NEW YORK (AP) — Shares of Alexion Pharmaceuticals jumped more than 20 percent Thursday after the company forecast stronger-than-expected sales of its drug Soliris this year.
Alexion expects $2 billion to $2.02 billion in annual revenue from Soliris, up from $1.55 billion in 2013. Analysts had forecast $1.97 billion in revenue, according to a poll by FactSet.
Soliris was approved in 2007 as a treatment for a life-threatening condition called paroxysmal nocturnal hemoglobinuria, which causes a breakdown of red blood cells and leads to anemia. In 2011 the Food and Drug Administration approved it as a treatment for atypical hemolytic uremic syndrome, which often leads to kidney failure and death. Soliris is an orphan treatment for both of those conditions.
The company lost $19 million, or 10 cents per share, in the fourth quarter because of costs from centralizing some of its business operations, as well as impairment charges. Excluding one-time items, the company earned 87 cents per share, easily topping Wall Street expectations of 83 cents per shares.
Revenue spiked 38 percent to $441.9 million, also beating out analyst projections of $430.5 million.
The Cheshire, Conn., company reported net income of $81 million, or 40 cents per share, and $320.5 million in revenue in the fourth quarter of 2012.
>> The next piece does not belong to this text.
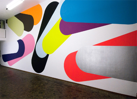 | Jan van der Ploeg : Good & Plenty Saturday, November 7th to Saturday, December 19th, 2009 Met de tentoonstelling Good & Plenty vieren we het verschijnen van de catalogus Wall Paintings 2005 - 2009. De nieuwe catalogus bevat een uitgebreid overzicht van muurschilderingen die Jan van der Ploeg uitvoerde voor priv�collecties, openbare ruimten, galeries en bedrijven in de afgelopen vijf jaar. Voor Good & Plenty ontwierp Van der Ploeg een monumentale muurschildering op de grote wand in de galerie. Ook is er een selectie te zien van maquettes van muurschilderingen die Van der Ploeg in opdracht maakte. Daarnaast een selectie schilderijen en een speciaal voor de gelegenheid gemaakte zeefdruk in een oplage van 35. Jan van der Ploeg begon met het maken van muurschilderingen in zijn herkenbare geometrische ontwerpen in zijn woonplaats Amsterdam. Sindsdien schilderde hij zijn motieven in honderden gelegenheden zoals galeries, kunstverenigingen, bedrijven en bij particulieren over de gehele wereld. Hij gebruikt verschillende combinaties van eenvoudige vormen, harde kleuren en in verschillende maatvoeringen. Zijn werk daagt de kijker uit de ruimte op een nieuwe en dynamische manier te ervaren. Jan van der Ploeg is geboren in 1959 te Amsterdam waar hij woont en werkt. Hij studeerde aan de Rijks academie te Amsterdam en in London aan het Croydon College of Art. Recent had hij solotentoonstellingen in het Hammer Museum in Los Angeles, House of Art in Budweis in Tsjechi�, Museum Boijmans van Beuningen in Rotterdam en het Gemeentemuseum in Den Haag. In 2010 staat een duo tentoonstelling op het programma met Thom Puckey in Centro del l'arte contemporanea te Prato in Itali�. JAN VAN DER PLOEG And yet Giotto succeeded. He could make the local and particular stand for universal ideas. Roger Fry, Vision and Design (1920) The purpose of good design is to ornament existence, not to substitute it. George Nelson, �Good Design: What is it for? Problems of Design (1957) Q: Ought [art and design] tend toward the ephemeral or toward permanence? A: Those needs and designs that have a more universal quality will tend toward permanence. Charles Eames, �What is Design?� (1972) American artist Joe Scanlan wrote a critical essay in 2001 titled, Please, Eat the Daisies. In it he examines the faulty premise of �design art,� a term that came into favor in the mid 1990s� as a way to categorize the work of artists such as Jorge Pardo, Atelier van Lieshout, Tobias Rehberger, Andrea Zittel among many others. He describes it by stating that, �design art could be defined loosely as any artwork that attempts to play with the place, function, and style of art by commingling it with architecture, furniture and graphic design.� Importantly he goes on to say that, �what seems critical to design art in all of its forms is that some sort of slippage occur between where art is, how it looks, and what it does.� The premise of this essay however is not Scanlan�s astute ability to detail the characteristics of this new genre but his insights into exposing its failures. His fundamental argument is that its practitioners evoke double standards by employing notions of design and function as a foil for artmaking. �We harbour a philosophical disappointment in the professional double standard practiced by design artists themselves, whose need for art to appear useful�without the risk of being so�strikes us as timid and sad.� I appreciate Scanlan�s articulate assertion that design art regularly fails because its claim to design, and all of its many social and serviceable facets, is only a ruse for making art. This is where Jan van der Ploeg comes in. His wall paintings conjured from the visual properties prevalent in graphic design aspire to be first and foremost art. Van der Ploeg is a skilled designer and exquisite draftsman who navigates between innovation and familiarity, mischievousness and pragmatism. As a problem solver Van der Ploeg assesses a given site, public or private, and with a refined abstract vocabulary he dramatizes architecture and place. Organizing information and assigning it active meaning is a role shared by both the artist and the designer. Yet distinct from the graphic arts, van der Ploeg conveys, like Giotto before him, a desire to communicate abstractions and ideals that lay beyond function kindling the extra-ordinary and the unexpected. With color, repetition and scale, van der Ploeg eschews static functional design dialogue, opting instead for lively visual attention. One needs to approach his wall paintings with the same curiosity that one would approach a Sol LeWitt wall drawing or an Ellsworth Kelly shaped painting. Despite their graphic and generous scale, close and intense observation is required to understand the visual patterns and motifs comprising their composition. As Philip Fisher writes in Wonder, the Rainbow and the Rare Experience, �To profit from wonder man cannot be either inattentive or passive, since in these cases he would not notice differences, nor can he feel himself to be living in a world that is fragmented, anarchic, and unpredictable.� Van der Ploeg works here, in the margin that separates the familiar from the wondrous, between abstract and the concrete This is perhaps most evident in the ambiguous and idiosyncratic public spaces van der Ploeg occupies: the stairwell, the corridor, the oblique street-side wall of a house. These are spaces of transition, ephemeral spaces, overlaid with a design that, through a self-contained symmetry, or a repetition suspended by the space itself, attests to its own permanence, its own structurality. As Friederike Nymphius writes, van der Ploeg�s wall paintings, �draw in� the incidental marks of utility, the purely �architectural factors like doors and windows, chimneys and frames,� negating their particularity and making them complicit in the monochrome abstraction. This is something quite different from, perh

Alexion's revenue grew 37 percent in 2013. Based on Thursday's forecast, it is calling for growth of 29 percent to 30 percent in 2014. The company is also projecting adjusted net income of $3.70 to $3.80 per share while analysts were anticipating $3.47 per share.
Alexion is trying to win additional marketing approvals to boost its sales, and earlier this month the company said regulators have deemed its drug Soliris an orphan treatment for the prevention of delayed graft function, a complication for kidney-transplant patients.
Shares of Alexion Pharmaceuticals Inc. climbed $28.61, or 21.4 percent, to $162.34 in afternoon trading. The stock has been trading at all-time highs in recent months and peaked at $169.98 Thursday.